StealthPolarBear · 26/02/2010 15:00

good point - the "asking my permission to hold his own son" thing for DH stopped when he realised DS wouldn't break if he didn't hold him in exaclty the right position
You've had PND and I haven't so you're probably right - no experience, just guessing

bridewolf · 26/02/2010 15:55

was the boy 'chatty' and alert?
and shouting for attention?

or simply sitting there calmly?

muggglewump · 26/02/2010 16:02

Bloody hell!
That's awful.

I took my DD to Indonesia (Bali, Lombok and Gili Islands) on my own when she was 12 months.
She crawled about all over the place, wasn't walking but learned to pull herself up whilst we were there.
I would never have kept her in the buggy unless necessary and she was in the pool or sea most days.
She ate what I ate, (as well as insects, dirt, sand and her own shit!) stayed out with me till midnight and had a ball.

Of course she can't remember it but loves looking at the photos.

Your friend sounds bonkers, weird, over protective and in need of a slap good talking to.

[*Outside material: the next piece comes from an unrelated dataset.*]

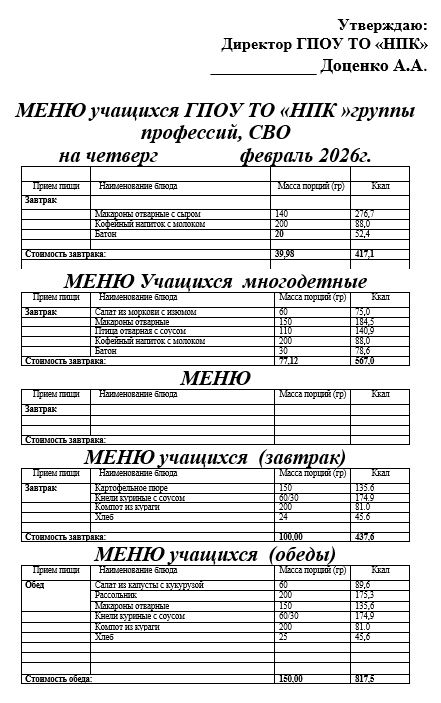 Ежедневное меню
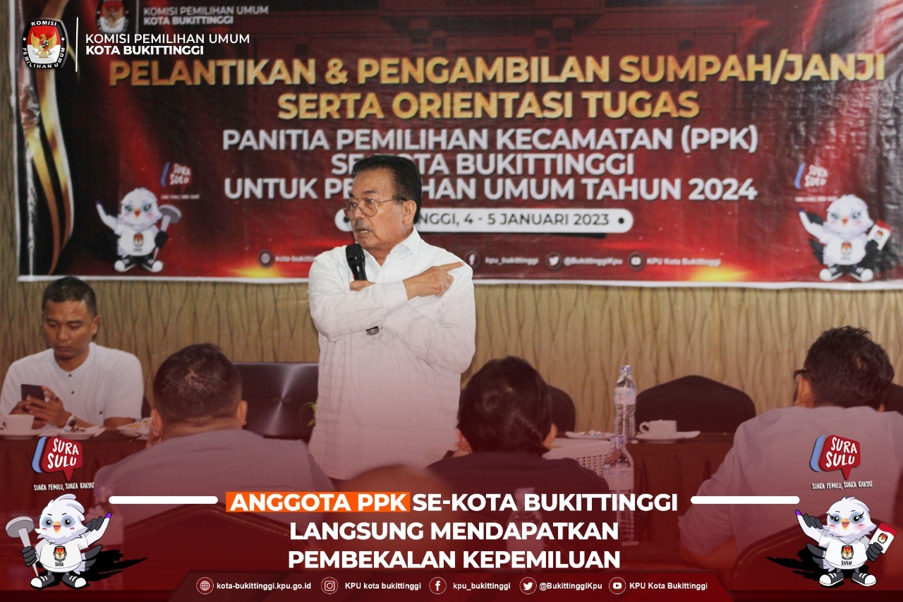 Bukittinggi, usai dilantik oleh Ketua KPU Kota Bukittinggi Rabu pagi (4/1), siangnya Anggota Panitia Pemilihan Kecamatan se-Kota Bukittinggi langsung mendapatkan Bimbingan teknis dan orientasi tugas oleh KPU Kota Bukittinggi yang berlangsung selama dua hari di Grand Rocky Hotel Bukittinggi

Rindercella · 26/02/2010 16:30

That is just so sad. A small toddler needs to be out & about exploring new things. When DD was 15 months old we took her to Barbados for 2 weeks. She had the run of the apartment, went swimming in both se & pool every day and we did loads of other stuff with her. I know she had a ball...we were knackered by the end of it though!!

I really hope you can get through to your friend that her DS needs to be allowed to be a toddler.

expatinscotland · 26/02/2010 18:30

I've been thinking of this thread all day and giving my boy extra cuddles.